--- Excerpted records Enclosed Below ---

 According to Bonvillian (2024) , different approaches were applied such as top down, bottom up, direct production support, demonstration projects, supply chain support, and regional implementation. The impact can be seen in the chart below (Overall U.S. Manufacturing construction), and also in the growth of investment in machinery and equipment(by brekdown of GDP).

--- End of Enclosed Excerpted records ---
--- Excerpted records Enclosed Below ---

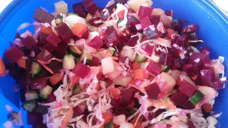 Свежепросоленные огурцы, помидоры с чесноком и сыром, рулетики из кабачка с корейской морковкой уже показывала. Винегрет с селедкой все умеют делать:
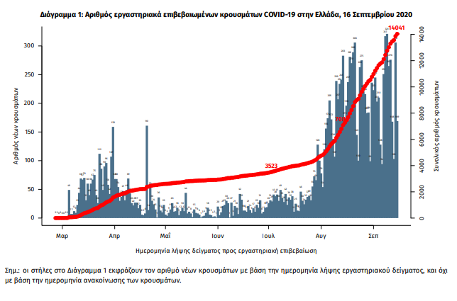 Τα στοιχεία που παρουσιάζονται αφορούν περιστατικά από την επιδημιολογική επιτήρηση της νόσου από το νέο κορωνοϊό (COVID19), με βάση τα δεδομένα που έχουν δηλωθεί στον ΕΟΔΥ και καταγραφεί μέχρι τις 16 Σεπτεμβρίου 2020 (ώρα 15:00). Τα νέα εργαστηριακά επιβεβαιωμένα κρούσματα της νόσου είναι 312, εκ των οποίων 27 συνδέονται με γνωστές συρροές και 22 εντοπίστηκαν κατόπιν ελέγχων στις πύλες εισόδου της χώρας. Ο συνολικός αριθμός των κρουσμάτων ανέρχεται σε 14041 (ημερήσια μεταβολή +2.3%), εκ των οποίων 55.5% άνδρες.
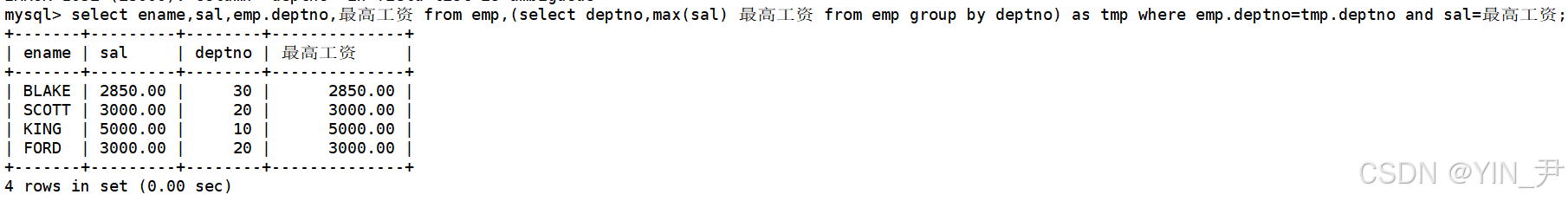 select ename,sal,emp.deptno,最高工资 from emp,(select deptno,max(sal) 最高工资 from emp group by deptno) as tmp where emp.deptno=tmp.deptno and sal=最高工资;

--- End of Enclosed Excerpted records ---

> What needs to be done
With pictures omitted, repeat the entries above word for word from the line holding "Свежепросоленные огурцы, помидоры" down to the line holding "select ename,sal,emp.deptno,最高工资 from", keeping both of those lines.

> Answer area
 Свежепросоленные огурцы, помидоры с чесноком и сыром, рулетики из кабачка с корейской морковкой уже показывала. Винегрет с селедкой все умеют делать:
 Τα στοιχεία που παρουσιάζονται αφορούν περιστατικά από την επιδημιολογική επιτήρηση της νόσου από το νέο κορωνοϊό (COVID19), με βάση τα δεδομένα που έχουν δηλωθεί στον ΕΟΔΥ και καταγραφεί μέχρι τις 16 Σεπτεμβρίου 2020 (ώρα 15:00). Τα νέα εργαστηριακά επιβεβαιωμένα κρούσματα της νόσου είναι 312, εκ των οποίων 27 συνδέονται με γνωστές συρροές και 22 εντοπίστηκαν κατόπιν ελέγχων στις πύλες εισόδου της χώρας. Ο συνολικός αριθμός των κρουσμάτων ανέρχεται σε 14041 (ημερήσια μεταβολή +2.3%), εκ των οποίων 55.5% άνδρες.
 select ename,sal,emp.deptno,最高工资 from emp,(select deptno,max(sal) 最高工资 from emp group by deptno) as tmp where emp.deptno=tmp.deptno and sal=最高工资;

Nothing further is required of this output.